The Compact team is also exploring how to study the topology of the universe not just with the CMB, but also by using the distribution of galaxies across the universe. Whereas the CMB provides just 2D data — a sort of cross section of the universe — galaxies fill the entire 3D volume of space, providing far more data points to analyze. Compact members are hoping that improved maps of the galaxy distribution due to come in over the next several years from the Euclid, Roman and Spherex space telescopes can enhance the search for cosmic topology.

Cornish views Compact as a “low-probability, high-reward” proposition. “If I had to bet, I don’t think they’re going to find anything,” he said. “But the question is so important,” he added, that it ought to be explored “to the fullest extent.”

Starkman doesn’t believe that anyone can assess the probability of success or failure just yet. “When it comes to the topology of the universe, we simply have no idea what to expect,” he said.
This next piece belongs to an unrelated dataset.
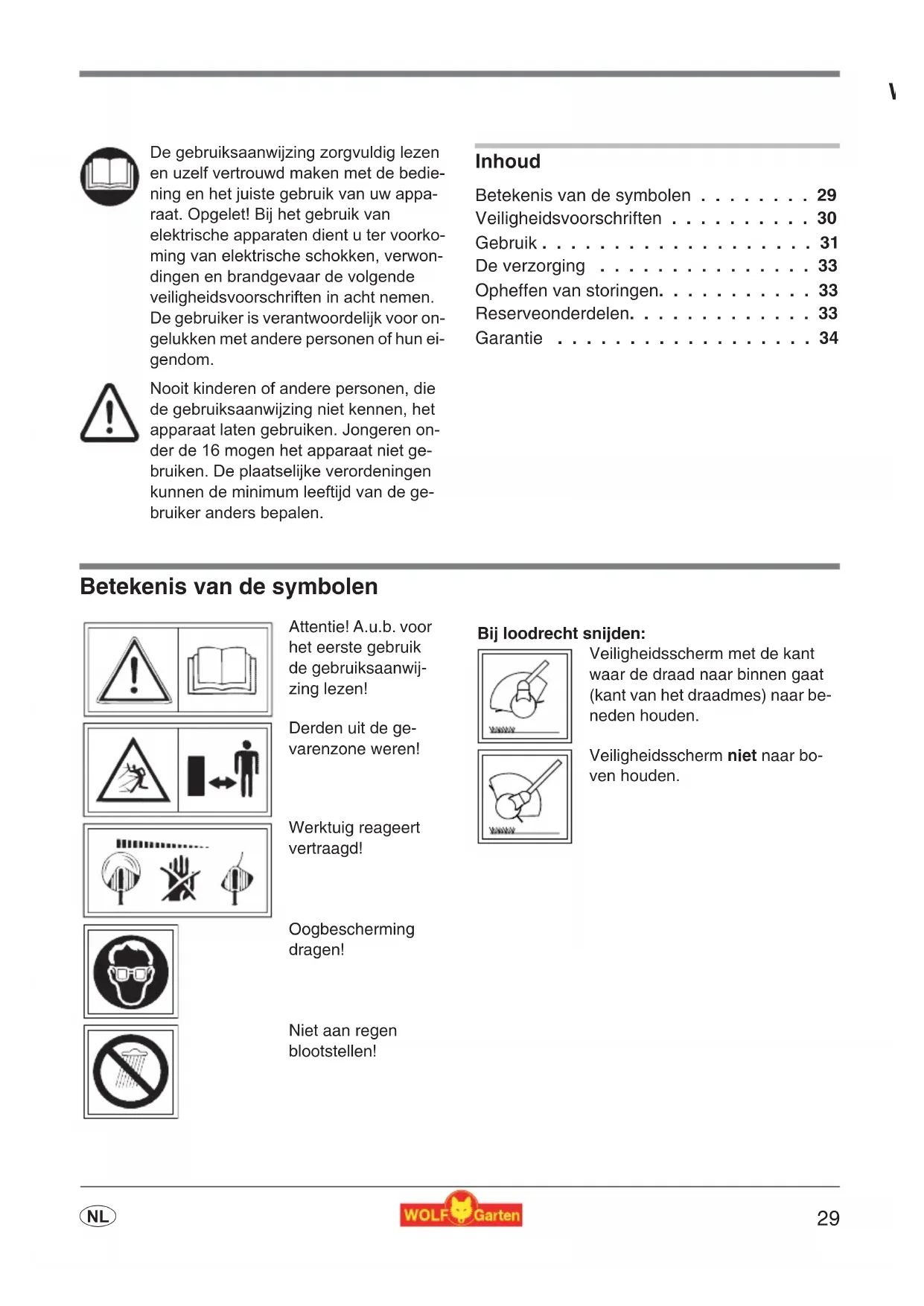 Wachten tot de motor stilstaat. - Het onderhoud en het reinigen van het apparaat mag alleen met een stilstaande motor gebeuren en indien het apparaat Nieteer op de elektriciteit is geschakeld. Let op, alleen origine WOLF draadcassettes gebruiken. Montage-aanwijzigingen opvolgen.

He is motivated to carry on, in part, because topology can potentially explain the anomalies in the CMB — not only the apparent 60-degree cutoff in its statistical correlations, but also the perplexing differences in the patterns observed above and below the orbital plane of the solar system (called the North-South asymmetry). Starkman can’t say for sure that these anomalies are due to topology, but he has yet to hear any other convincing explanation.
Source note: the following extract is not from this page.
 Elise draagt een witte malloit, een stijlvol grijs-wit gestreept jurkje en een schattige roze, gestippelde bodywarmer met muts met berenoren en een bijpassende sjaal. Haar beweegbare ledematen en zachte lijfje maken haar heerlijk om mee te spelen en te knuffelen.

These confounding patterns, Cornish acknowledged, could be “caused by the universe having a particular shape,” or they could be due to “a random fluke.”

Compact investigators have found that the data that’s accumulated over recent decades has strengthened the case for the physical reality of these anomalies rather than weakening it, and time will tell whether that trend continues. The group intends to carry out its work over the next five to 10 years, Akrami said. “We’ll either find the topology of the universe,” he said, or determine that “the universe is so big that its topology cannot be detected” — at least with the tools available to us now.

Some may find the latter outcome disappointing, if it comes to pass. After all that effort, we’d surely know a lot more than Aristotle ever did. But we’d still lack an answer to the question he deemed “all-important to our search for the truth.”

Notes

1: David Spergel is now the president of the Simons Foundation, which funds this editorially independent magazine. Simons Foundation affiliations have no influence on our coverage. For more information about our editorial independence and our relationship to the Simons Foundation, please see our About page. (Return to article.)

Correction: January 27, 2025
An earlier version of this article misspelled Mark Kac’s name.